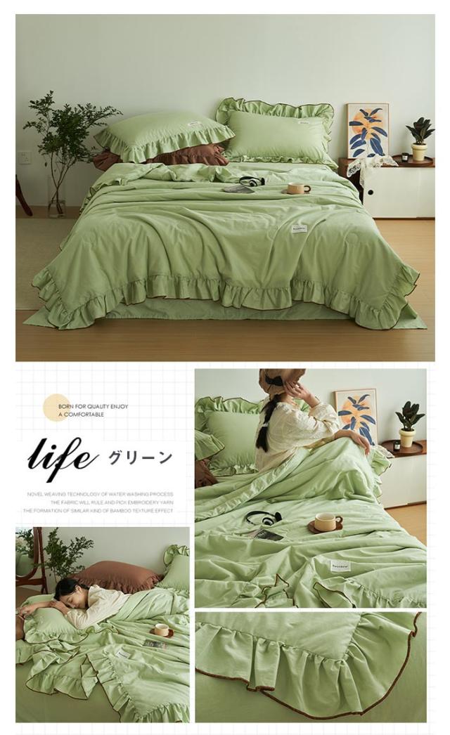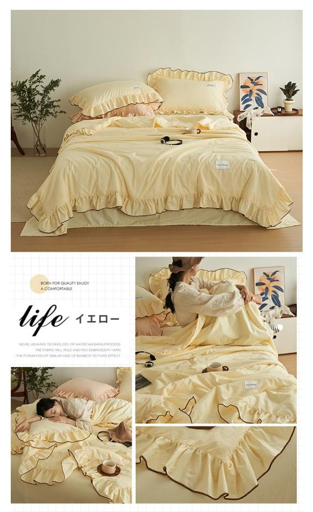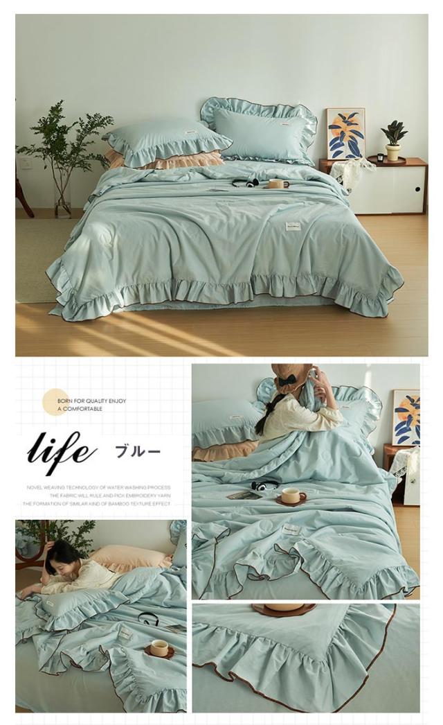 フリル付き 夏布団 肌掛け布団 3点セット 枕カバー付き 水洗い加工 夏用掛け布団 キング 200×230cm 肌布団 キルトケット 洗える 夏掛け布団 カバー不要 可愛い プリンセス風 冷房対策 抗菌防臭 防ダニ 春夏 寝具
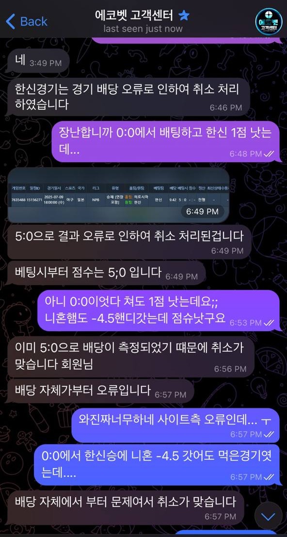 그런데 환전 신청하자마자 배팅 규정을 들먹이며 환전을 취소했어요.
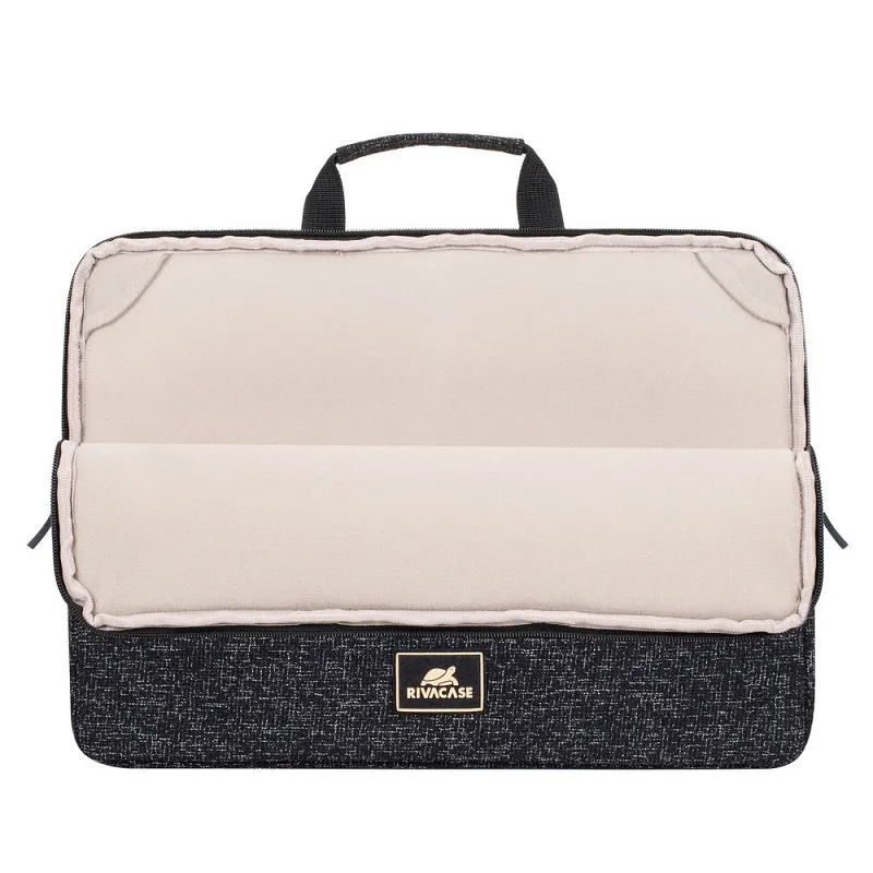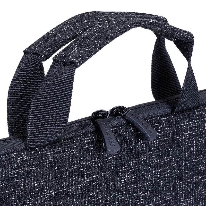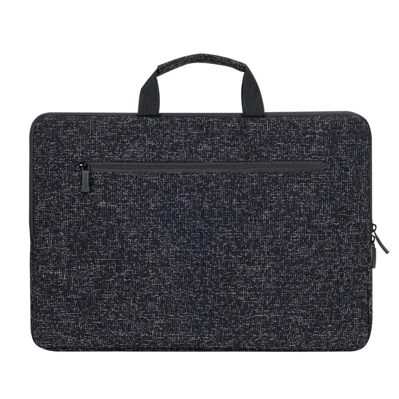 Housse pour ordinateur portable Rivacase jusqu’à 15.5″ et les tablettes, Fabriquées en tissu hydrofuge, Doublure souple en peluche, Protecteurs d’angles intérieurs spéciaux, Poche extérieure à la fermeture éclair pour les accessoires, le smartphone et les documents, Les poignées de transport confortables, Couleur: Noir

=-=-=

# What the task requires
With the pictures removed, write the listing out word for word.

# Answer for the task
 フリル付き 夏布団 肌掛け布団 3点セット 枕カバー付き 水洗い加工 夏用掛け布団 キング 200×230cm 肌布団 キルトケット 洗える 夏掛け布団 カバー不要 可愛い プリンセス風 冷房対策 抗菌防臭 防ダニ 春夏 寝具
 그런데 환전 신청하자마자 배팅 규정을 들먹이며 환전을 취소했어요.
 Housse pour ordinateur portable Rivacase jusqu’à 15.5″ et les tablettes, Fabriquées en tissu hydrofuge, Doublure souple en peluche, Protecteurs d’angles intérieurs spéciaux, Poche extérieure à la fermeture éclair pour les accessoires, le smartphone et les documents, Les poignées de transport confortables, Couleur: Noir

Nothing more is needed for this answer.